▶ [Records shown]

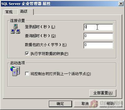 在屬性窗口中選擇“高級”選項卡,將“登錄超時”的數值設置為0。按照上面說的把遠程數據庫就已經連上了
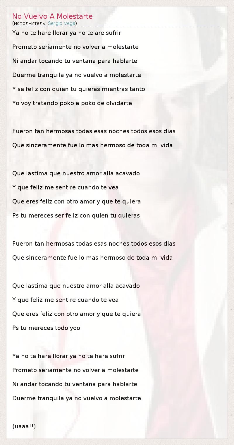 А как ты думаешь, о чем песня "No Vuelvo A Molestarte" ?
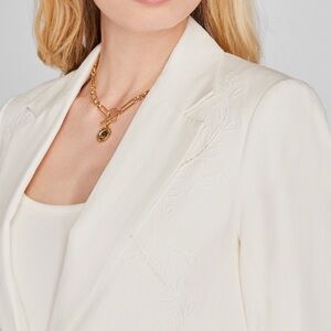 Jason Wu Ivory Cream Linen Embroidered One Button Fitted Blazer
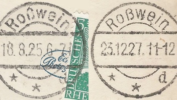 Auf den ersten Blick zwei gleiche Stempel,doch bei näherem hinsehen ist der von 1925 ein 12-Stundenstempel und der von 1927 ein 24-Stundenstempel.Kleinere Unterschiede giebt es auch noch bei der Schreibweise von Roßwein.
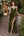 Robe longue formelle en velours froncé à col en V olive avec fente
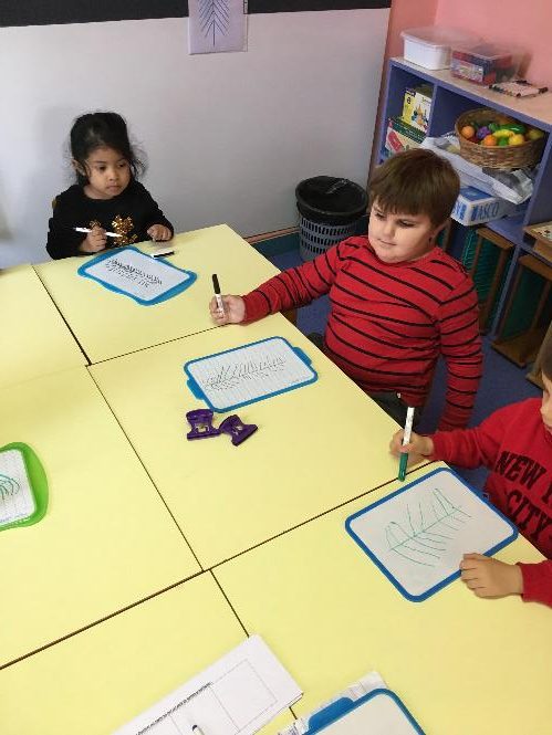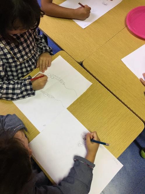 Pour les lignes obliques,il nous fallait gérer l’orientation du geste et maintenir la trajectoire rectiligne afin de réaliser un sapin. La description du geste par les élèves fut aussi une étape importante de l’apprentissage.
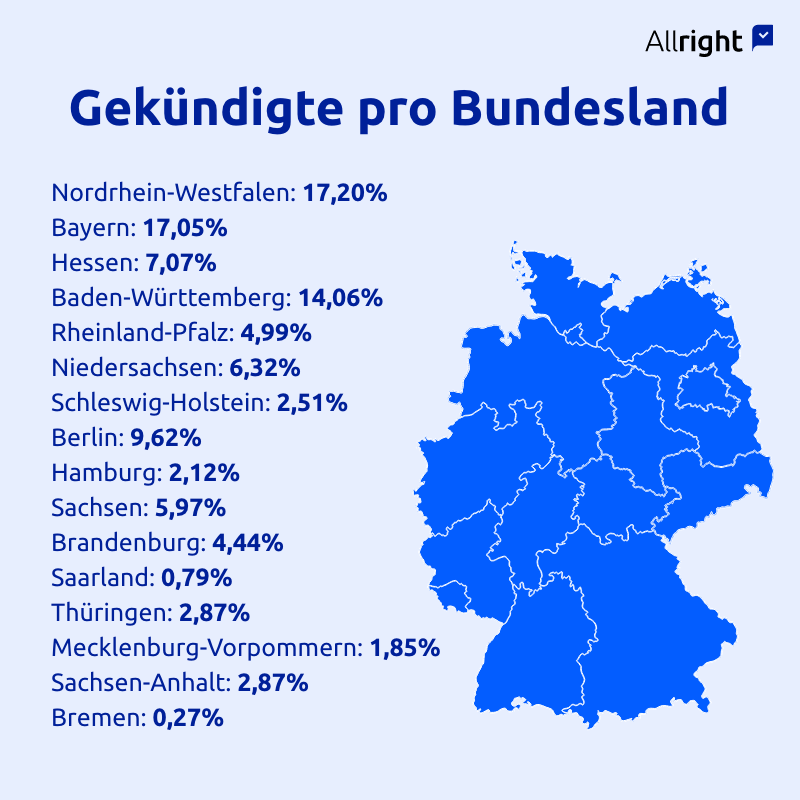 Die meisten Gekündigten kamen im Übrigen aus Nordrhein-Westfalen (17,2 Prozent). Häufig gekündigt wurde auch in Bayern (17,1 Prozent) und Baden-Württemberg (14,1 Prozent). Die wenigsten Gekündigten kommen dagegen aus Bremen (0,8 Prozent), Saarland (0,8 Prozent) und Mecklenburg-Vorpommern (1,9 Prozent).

▶ [Your task] Copy the records above from the first line through the line containing "Robe longue formelle", both included, and leave out any pictures.

▶ [Response to this task]
 在屬性窗口中選擇“高級”選項卡,將“登錄超時”的數值設置為0。按照上面說的把遠程數據庫就已經連上了
 А как ты думаешь, о чем песня "No Vuelvo A Molestarte" ?
 Jason Wu Ivory Cream Linen Embroidered One Button Fitted Blazer
 Auf den ersten Blick zwei gleiche Stempel,doch bei näherem hinsehen ist der von 1925 ein 12-Stundenstempel und der von 1927 ein 24-Stundenstempel.Kleinere Unterschiede giebt es auch noch bei der Schreibweise von Roßwein.
 Robe longue formelle en velours froncé à col en V olive avec fente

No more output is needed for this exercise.